Mae Ikerd

Mae Ikerd doesn't sweat the small stuff at University of Montana.

Why Selected?

Byron Drake, associate director for operational support and professional development, and Christina Voyles, assistant to the director at the University of Montana, say: The Food Zoo averages 2,600 meals per day, or roughly 583,000 meals total. As production manager, Mae is directly responsible for the proper ordering, receiving, storage, safety and inventory of approximately $1.2 million in food purchases every year. Because of the volume and intensity of her position, she cannot be caught up in the moment and has to maintain a big-picture view. Long term this has taught her patience and makes her a better supervisor and manager.

Details

Production Manager for Food Zoo, University of Montana, Missoula, MT
Age: 30
Education: Associate degree in foodservice management from the University of Montana, Missoula
Years at organization: 5

Get to know

Q. What has been your proudest accomplishment?
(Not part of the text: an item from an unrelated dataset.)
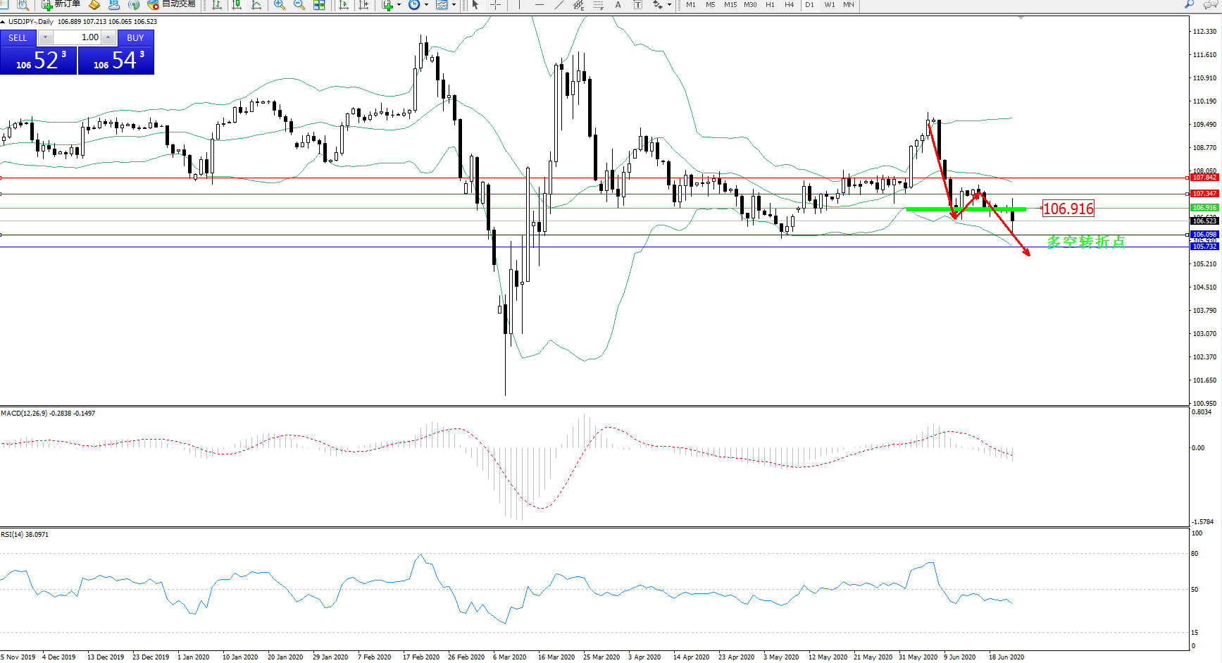 美元兑日元下跌0.36%106.52,一度触及六周低点106.07;汇率触发了在106.45/50下方的止损;关键支撑位在56日低点105.99;一位纽约交易员表示,期货市场上大约6亿美元的交易在一分钟之内成交;美元指数继续回落,且二次疫情风险不减,美元指数跌至一周新低,而市场风险偏好情绪也起伏不定,整个市场还是受到避险需求的影响,而后市各国央行还可能会进一步刺激,以应对疫情,这对日圆是一大支撑,近期美国疫情有升温之势,外加巴西等国的疫情发展,令市场非常担忧。除了二次疫情愈演愈烈,日元并无太明显的避险需求,此外全球股票市场依旧备受青睐,这使得日元近期并无明显趋势性上涨行情。

Getting the production manager position. I started as a student employee and then worked as a prep cook and a receiver. Being a receiver and a prep cook, I saw the recipes and I saw the product so I really came through the back door to get this position.
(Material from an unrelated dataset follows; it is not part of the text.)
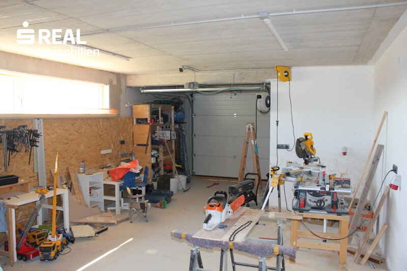 Zusätzlich vorhanden ist noch eine ca. 58 m² große Doppelgarage, von der Sie auch einen direkten Zugang ins Haus haben.
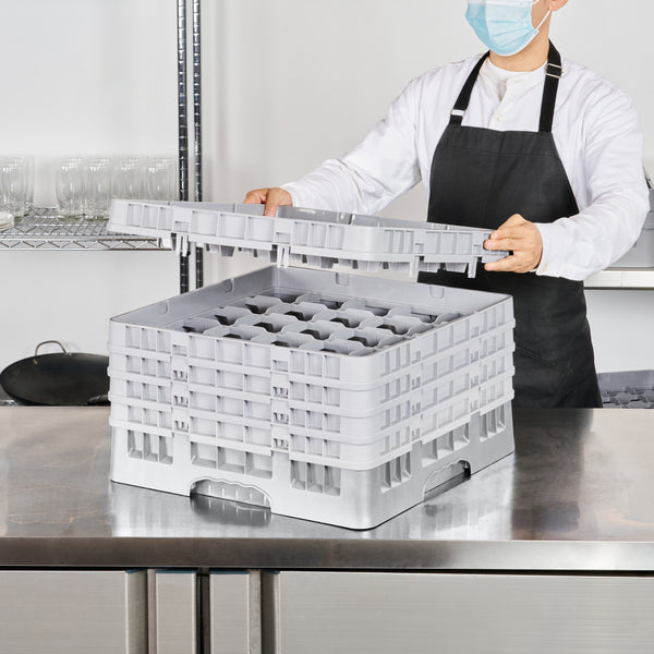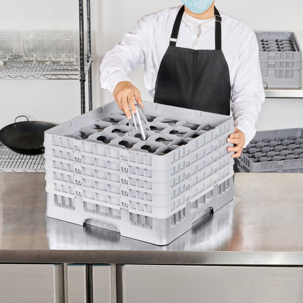 Clean Tek Professional Gray Glass Rack - 25 Compartments, 1 Full Drop and 4 Half Drop Extenders - 19 3/4

Q. What would you say you excel at over more seasoned colleagues?

My ability to adapt to change. I am the youngest in my kitchen. In food change is inevitable and staff get in a routine, but if something is bigger and better and is going to offer a better experience for the guests, that is what I want to do.

Q. What's the best career advice you've been given?

Ultimately, just don’t sweat the small stuff. I used to get really worked up and hotheaded about some things, but there is always something bigger that needs to be taken care of.

Q. What's been the biggest challenge you've had to overcome?

Right now I would have to say balancing work and home. I’m a new mom. Now I have a new love in my life, but I’m also torn in my love of food and numbers.

Q. What's been your most rewarding moment?

We take a lot of pride in our farm-to-college program. Last fall we did what was called the Fall Feastival where more than 90% of the product that we got for the event was from the state of Montana. We served 1,200 to 1,300 people. That locally minded mentality continues every day. It’s not to say I pulled off the whole event by myself; there was obviously a lot of help from my executive chef and Farm To College coordinator. But because I do the major purchasing and it came out of the major kitchen, which is ours, that event was really cool.

Q. What would you like to accomplish in your career in the next two years?

I want to go back and finish my bachelor’s in business management.

Q. What's been your funniest on-the-job disaster?

Once when I was a receiver I got here and had no pallets to unload from our delivery trucks. Someone had stolen them. It was a bit of a meltdown.